SuffixTreeSearch.py should return either: 0 (substring has not been found)
i (start index of substring ˆ(s) in s, i ∈ 1,..., n), or
multiple start indices, separated by a blank, e.g. ”3 127 3340”, returned without quotes.
You need to adhere to these conventions strictly, otherwise we cannot perform. auto-
mated tests to check the correctness of your algorithm.
(b) Substring tests for different S Proteins (10 points)
Use your Suffix Tree program to search whether the following substrings are contained in the three S proteins, with the genetic sequence provided in the files Hiroshima-S.txt, Omicron-S.txt and Wuhan-S.txt.
ˆ(s)1 = ACTGAAATCTATCAG
ˆ(s)2 = ACTGAAATCTATCAGGCC
ˆ(s)3 = ACTGAAATCTATCAGGCCGGTAGC State the results in Answers.pdf.
(c) Compact Suffix Tree (15 points)
Implement a Compact Suffix Tree in SuffixTreeSearch.py, recognising in Figure 1 that consecutive edges could be collapsed into a single one, with the edge providing pointers to the start and end indices of the original string.
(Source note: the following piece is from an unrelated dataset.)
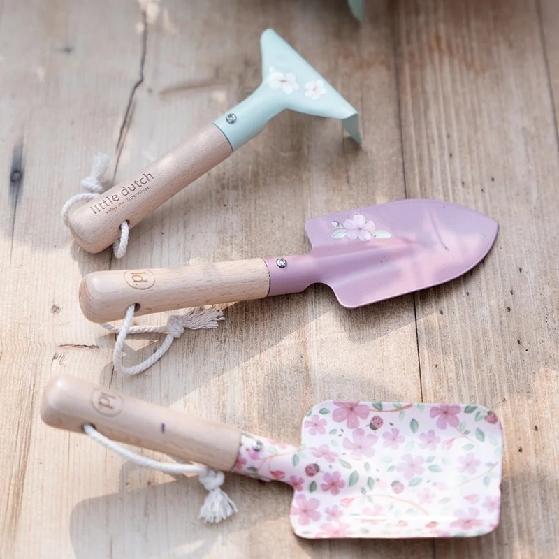 De set bestaat uit een stevige schep, een hark en een schoffel, allemaal gemaakt van hoogwaardige en kindvriendelijke materialen. Het ergonomische ontwerp zorgt ervoor dat ze comfortabel en veilig in kleine handjes passen, zodat kinderen spelenderwijs hun groene vingers kunnen ontwikkelen.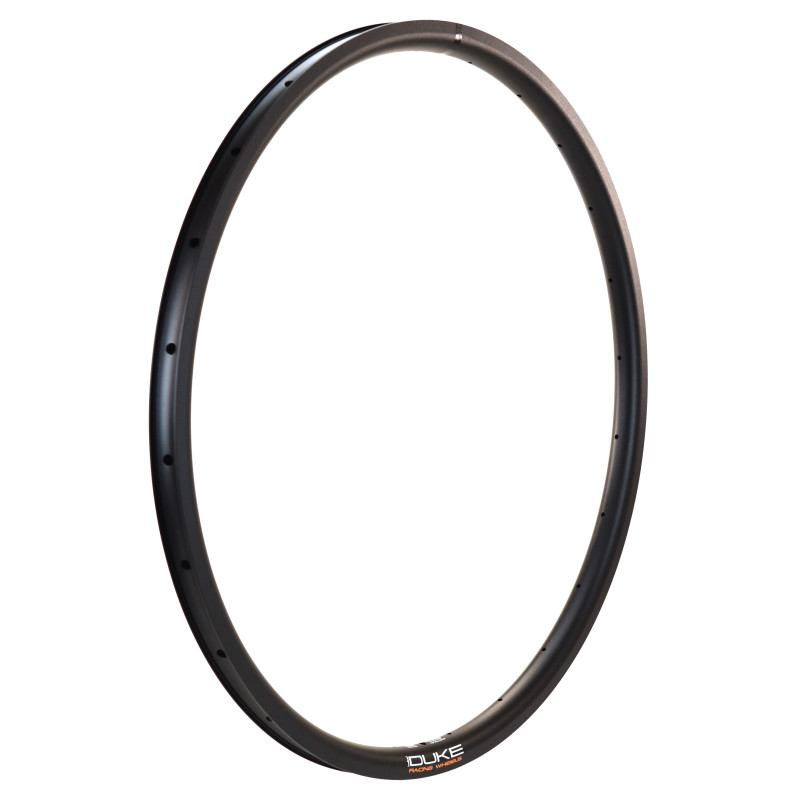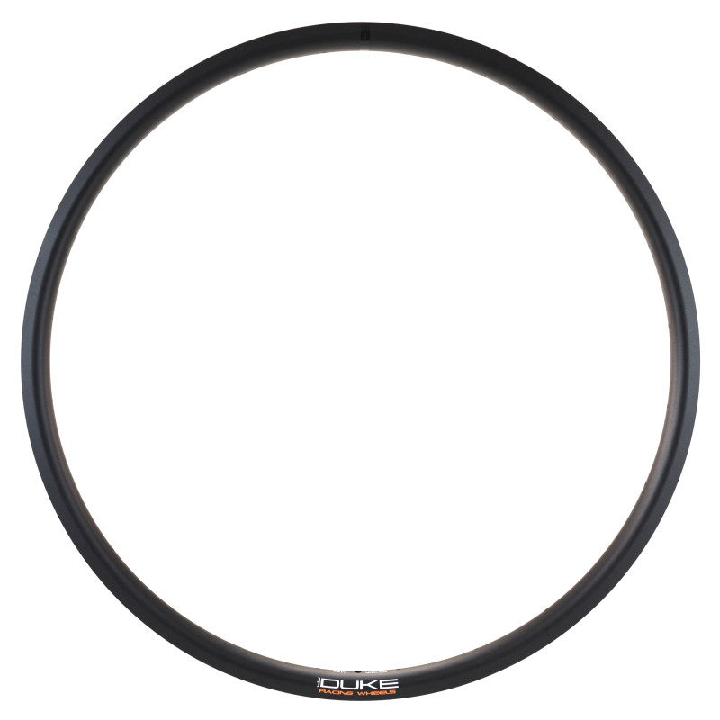La jante DUKE world runner X 25 est dessinée, testée en France, DUKE est le propriétaire exclusif des outils de fabrication. La jante DUKE world Runner possède une hauteur profil de 25 mm. Profil ASYMÉTRIQUE avant et arrière : avec l'apparition du disque à l'avant et l’augmentation du nombre de vitesses, côté cassette les flasques du moyeu se voit de plus en plus « poussée » vers l’intérieur de la roue. Le parapluie des rayons s’ouvre ainsi davantage et ceci a pour conséquence la réduction de la rigidité latérale de la roue : celle-ci est floue dans les relances, prend du voile facilement… Pour réduire ce phénomène nous avons dessiné une jante asymétrique qui va donner un parapluie bien supérieur aux jantes symétriques (offset de 2 mm) et va permettre de rééquilibrer les tensions des deux nappes : plus de rigidité et plus de durabilité. Largeur entre crochets importante de 25 mm : Ceci donne davantage de volume aux pneus et améliore ainsi rendement, confort et adhérence dans les virages. Une jante large signifie également pouvoir utiliser des pneus plus fins et plus légers en conservant le confort, le moelleux et le grip procurés par un volume d’air plus important.

For example, the branch labelled ”1” which has seven edges could be represented by three edges:
e1 = TA with pointers start=[1,4], end=[2,5], indicating that TA occurs twice in TACTAG, starting at the first and fourth position and ending at the second and fifth position.
e2 = G with pointers start=[6], end=[6]
e3 = CTAG with pointers start=[3], end=[6]
For genomic sequences which can be highly repetitive, for example having hundreds of ”A”s in a row, a Compact Suffix Tree can reduce memory requirements significantly.
In this task you will be given a lot more flexibility. For example, you could argue whether to maintain the $ ”end” character, or decide on different ways to use pointers. Think about borderline cases first, for example, what if s = AAAAAAAAAAAAAAAAAAA?
You will be able to still score high marks in this task, if you provide a good design concept, including considerations on space complexity, even without a full implemen- tation.